When a borrower consolidates loans in the Direct Consolidation Loan Program, the U.S. Department of Education (Department) pays off the original Federal education loans and originates a new loan for the total amount of the loan(s) consolidated. Here's how that works:
Step 1: Application Review
We review the borrower's application and enter it into our system. If there is missing or incorrect information, we attempt to contact the borrower directly and/or send a letter identifying the needed information. If a borrower applied for the loan by phone or through the web, the Loan Consolidation Department sends a promissory note to be signed and returned by the borrower. The borrower has 14 days to provide the information to us or the application is cancelled.

Step 2: Loan Verification
We request verification of the information on the borrower's application to determine each loan's eligibility for consolidation and its payoff balance. Currently, we electronically verify Direct Loans, defaulted loans held by the Department, loans serviced by loan holders enrolled in our Electronic Verification Certification (EVC) service, and loans held by Sallie Mae. For all other loans, we send a verification certificate to each loan holder to obtain the required information. Loan holders have ten business days to complete the verification certificate and return it to us.

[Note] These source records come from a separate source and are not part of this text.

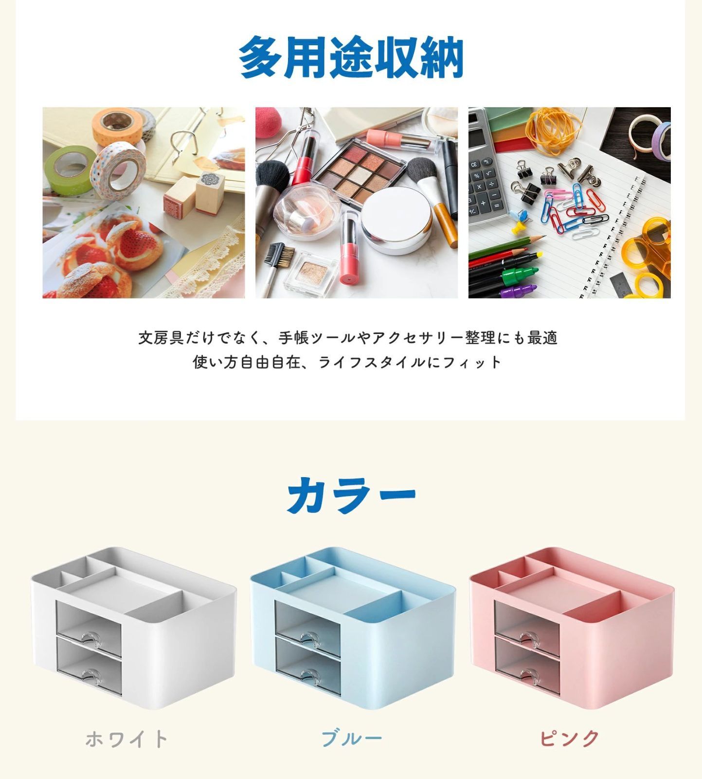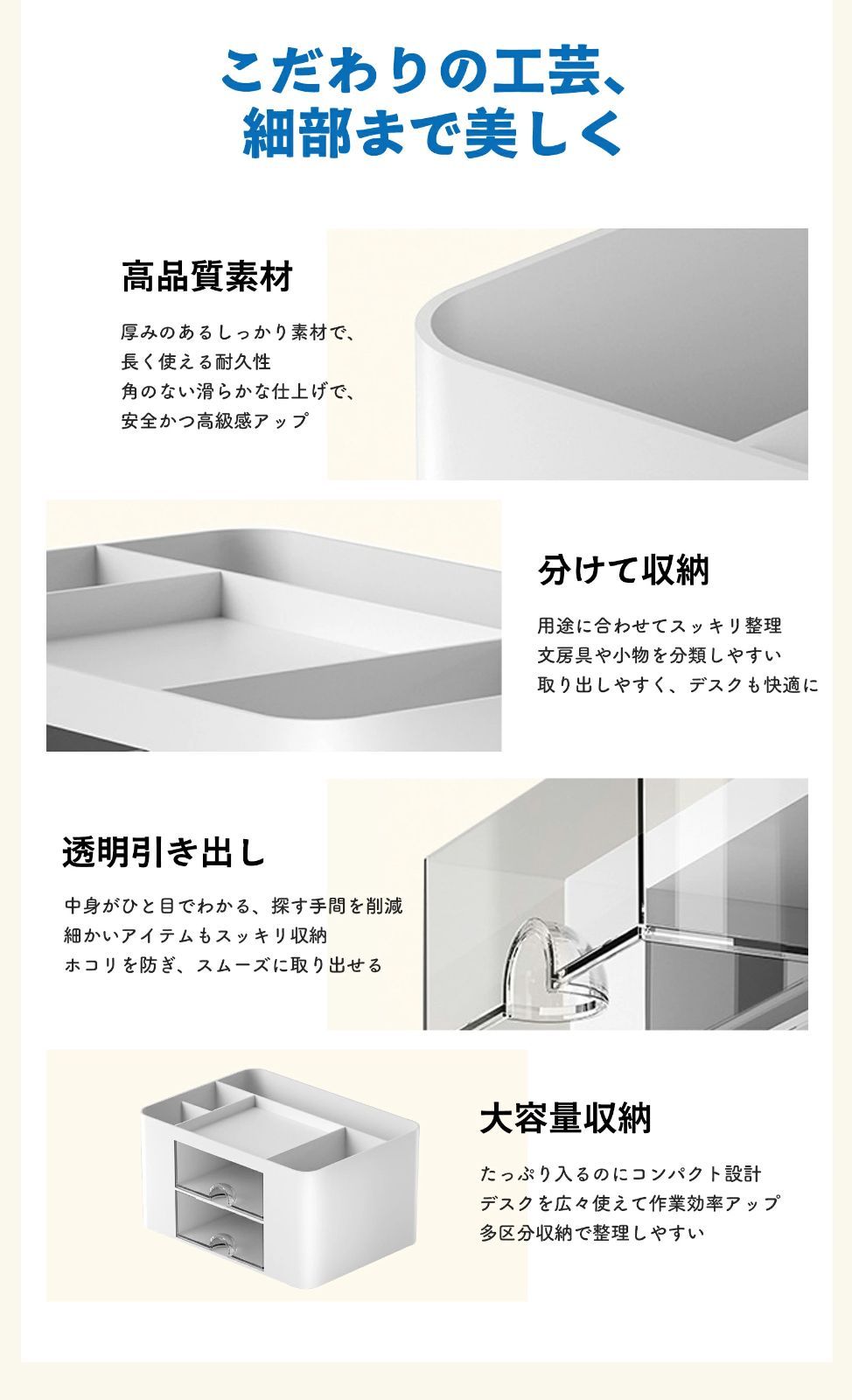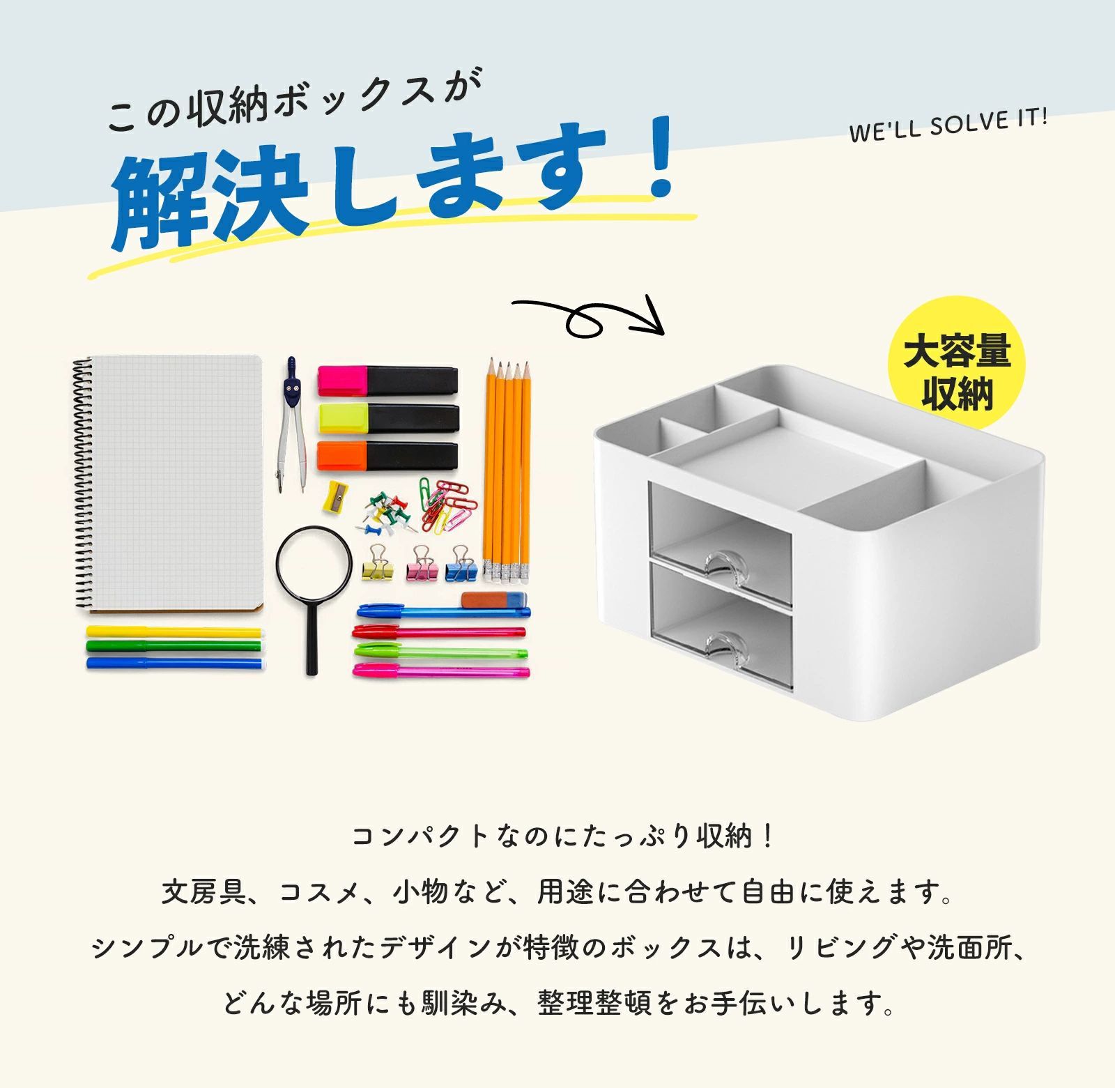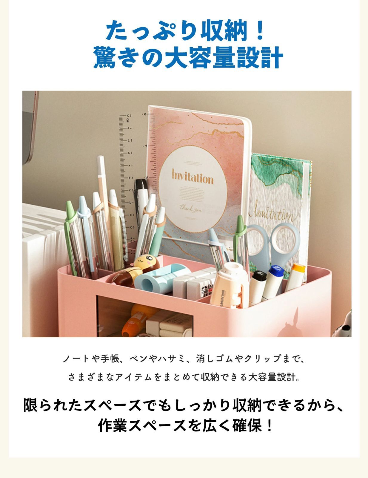 文房具、小物、コスメなどをスッキリ収納!広々としたメインスペースに加え、細かいアイテムも収納できる引き出し付きで、デスク周りを美しく整理できます。
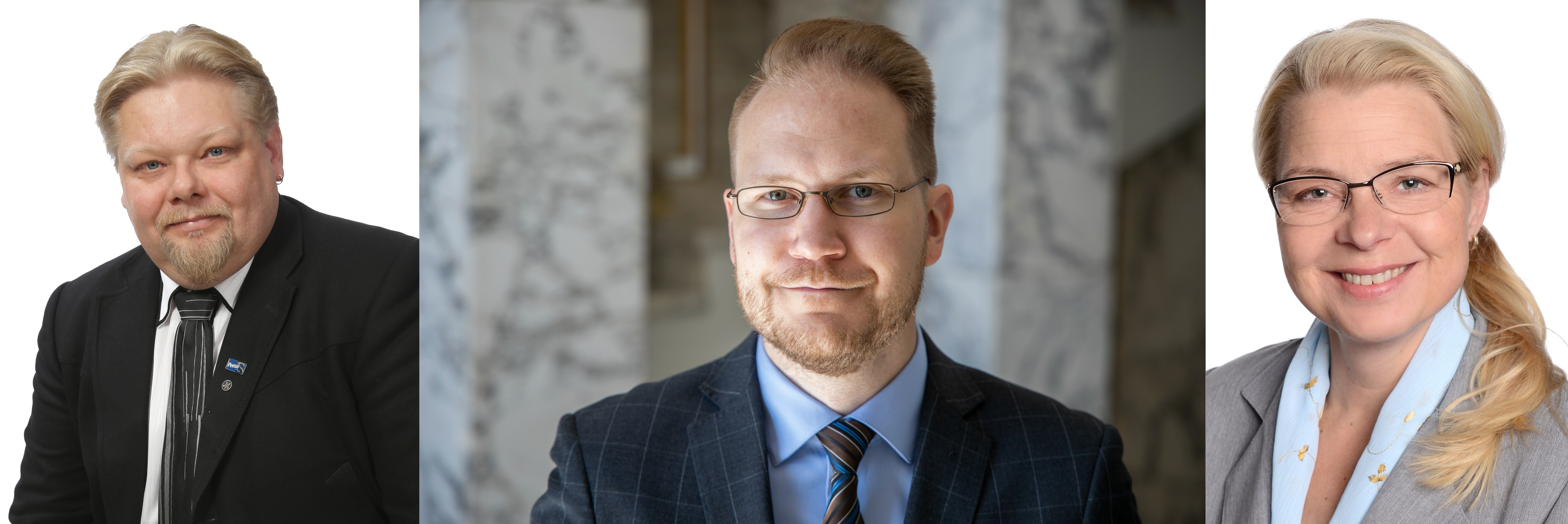 Perussuomalaiset Yleisradion hallintoneuvoston jäsenet ja kansanedustajat Jari Ronkainen, Olli Immonen ja Leena Meri
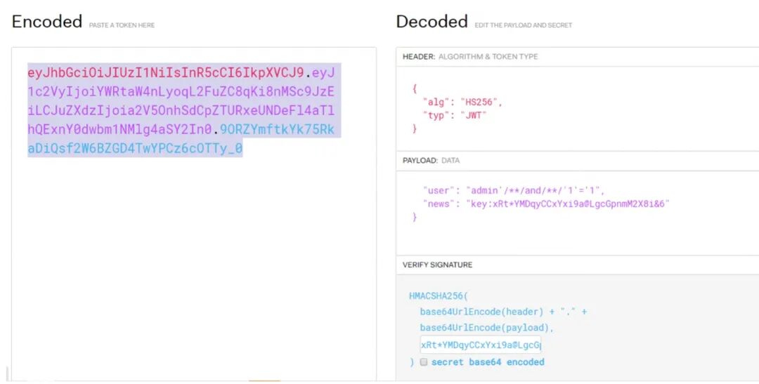 encoded_jwt = jwt.encode({"user":"admin'/**/and/**/load_file('/flag')/**/regexp/**/'^" + data + j + "'#","news":"key:xRt*[email protected]&6"},'xRt*[email protected]&6',headers={"alg":"HS256","typ":"jwt"})
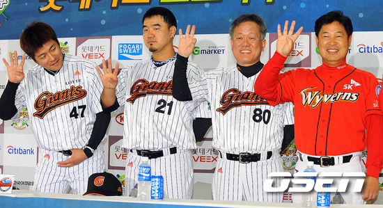 15일 오후 부산 사직구장 내 특설무대에서 열린 '2011 롯데카드 프로야구 포스트시즌 플레이오프 미디어데이'에서 롯데 강민호가 포토타임때 눈치를 살피며 포즈를 취하고 있다. 이날 미디어데이에서 롯데는 양승호 감독과 송승준, 강민호가 SK는 이만수 감독대행과 박정권, 최정이 참석했다. 한편 2011 롯데카드 프로야구 플레이오프 1차전은 16일 오후 2시 부산 사직야구장서 열린다./ soul1014@osen.co.kr
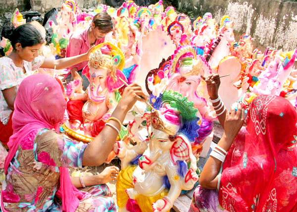Artists giving final touch to Lord Ganesha idols for Ganesh Chaturthi in Jammu. —Excelsior/Rakesh
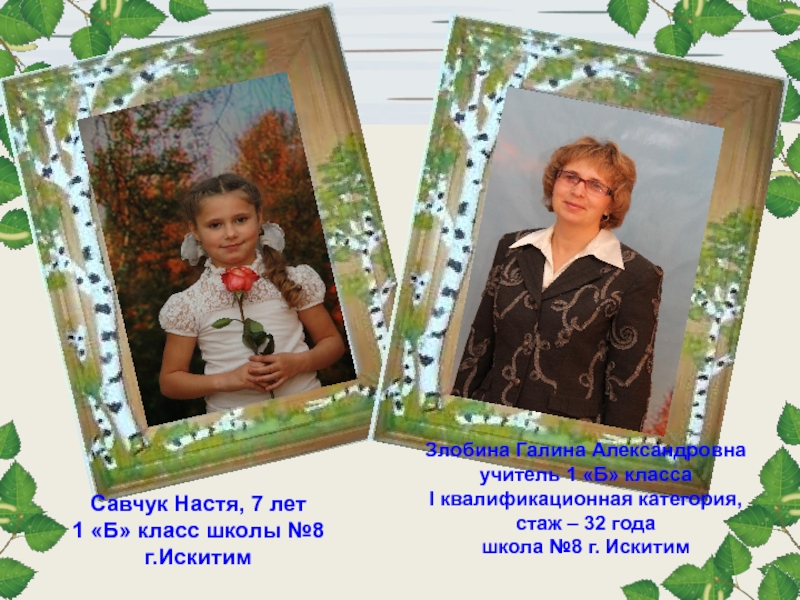 Савчук Настя, 7 лет 1 «Б» класс школы №8 г.ИскитимЗлобина Галина Александровна учитель 1 «Б» класса I квалификационная категория, стаж – 32 года школа №8 г. Искитим
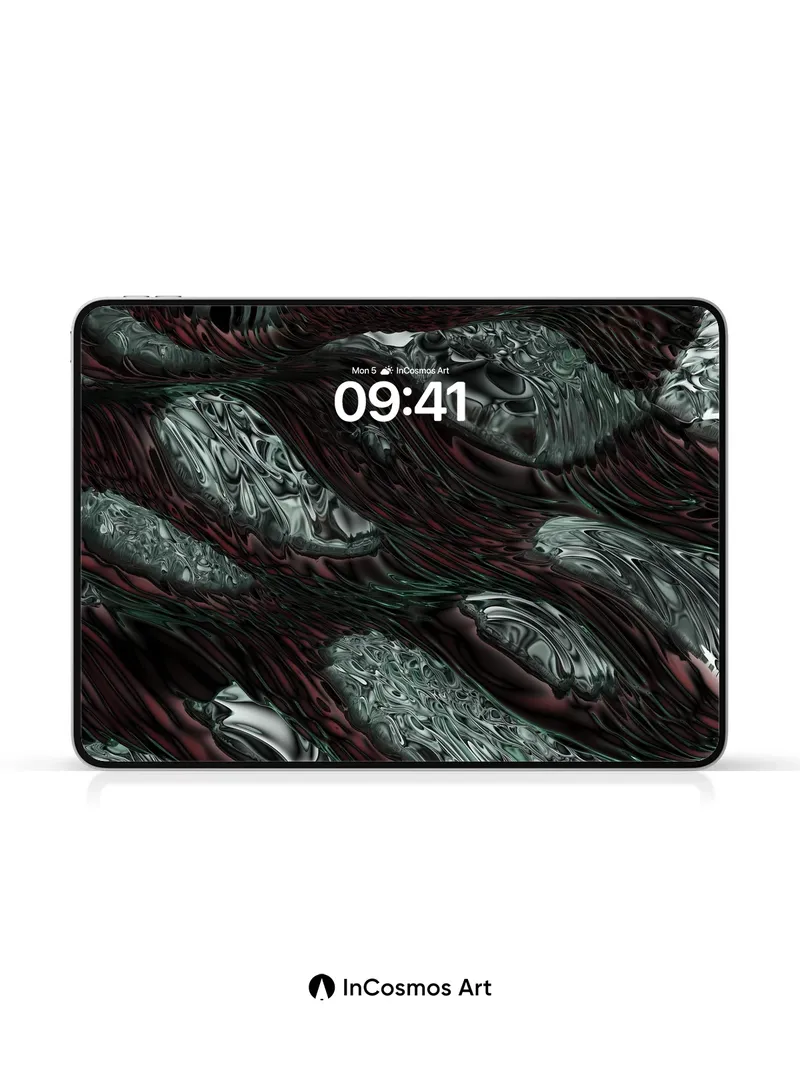 Crimson Abyss Wallpaper with Liquid Metal Veins
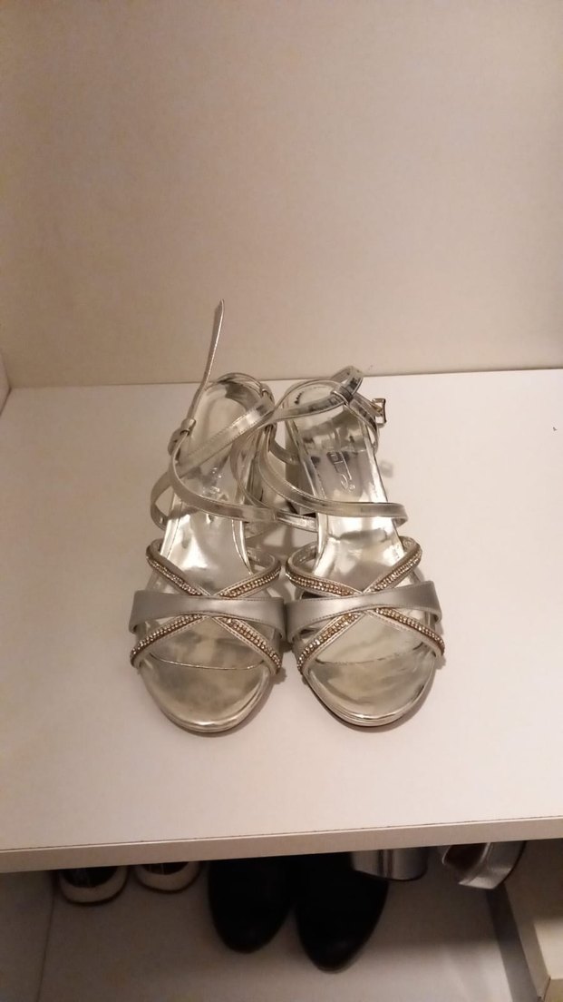 Metalik Gri Kadın Dolgu Topuklu Sandalet
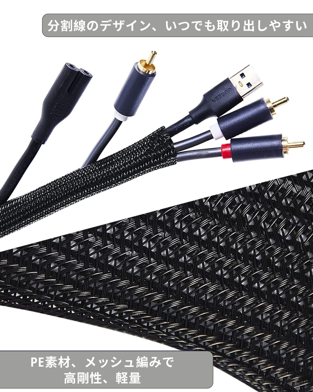 耐熱&耐摩耗性: テレビケーブル管理スリーブは耐久性のあるPET素材でできており、温度範囲:-40℃〜+ 150℃、難燃性定格:UL94-V0、耐火性、耐摩耗性、柔軟性、防塵性、簡単性の利点を備えています迅速な操作と噛み付き防止。
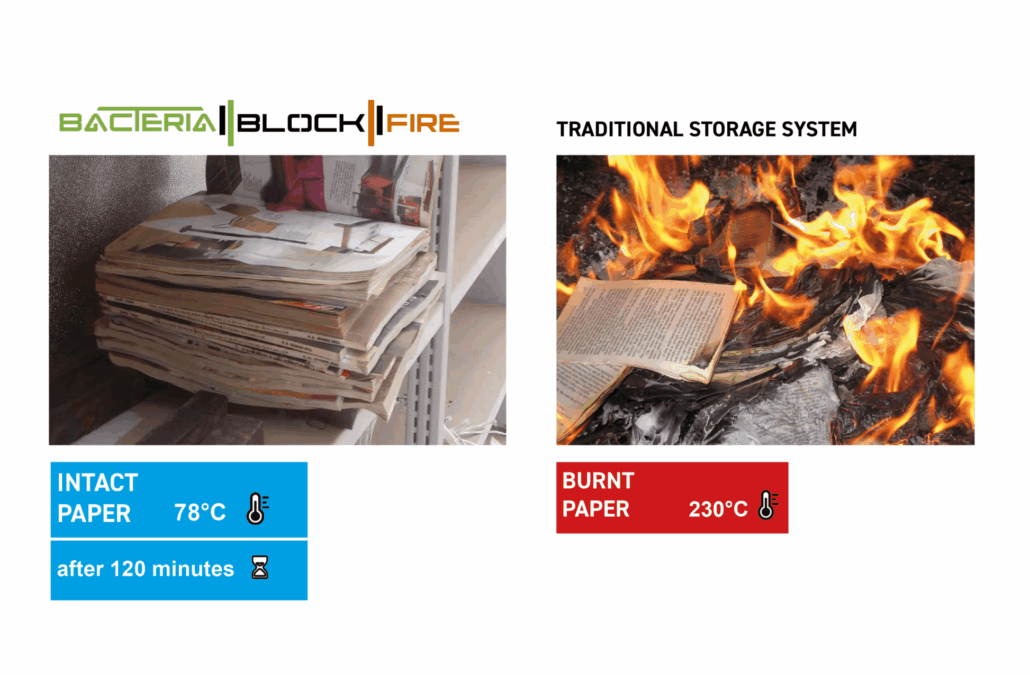 BacteriaBlockfire guarantees combined protection against biological deterioration and fire, thus ensuring a complete defense of the preserved assets.

Step 3: Income Contingent Repayment Processing
A borrower who must use the Income Contingent Repayment (ICR) Plan due to a defaulted loan OR who selects the ICR plan as a matter of choice must submit an "ICR Consent to Disclosure of Tax Information" form. This form, which verifies income information, is forwarded to the IRS for approval. If the waiver is denied, we request additional information from the borrower.

Step 4: Loan Statement Sent to Borrowers
A loan statement summary package is mailed to the borrower and payments are mailed to the lenders simultaneously after his or her loans are verified.

Step 5: Payment to Loan Holders
If a loan is not in default, we send the loan pay-off to the loan holder or credit the borrower's Direct Loan account. If a loan is in default, the Department’s Default Resolution Group or the Guarantee Agency will receive an electronic payment manifest, SF-1081, for the principal and interest, and a check for the collection costs. Participants in EFT (Electronic Funds Transfer) receive these payments electronically.
When a loan holder receives a payment from the Consolidation Department, the loan holder(s) is required by regulation to fully discharge the debt upon receipt of proceeds and notify the borrower that the loan(s) has been paid in full, even if we underpay the loan.
Any payment a borrower makes to the previous loan holder(s) after the loan(s) is paid off is forwarded to us as an overpayment. These payments are applied to the consolidation loan balance. If our payment does not satisfy the borrower's account balance, the loan holder is prohibited from billing the borrower and must notify us of the underpaid amount. We work with the loan holder(s) to resolve any underpayment or overpayment issues.


Step 6: Account Set-Up
Borrowers' Direct Consolidation Loan accounts are set up when their loans are paid off. Once account set up is complete, borrowers receive important information about their loan status and payment due dates. Normally, their first payment is due within 60 days of the disbursement of the Direct Consolidation Loan.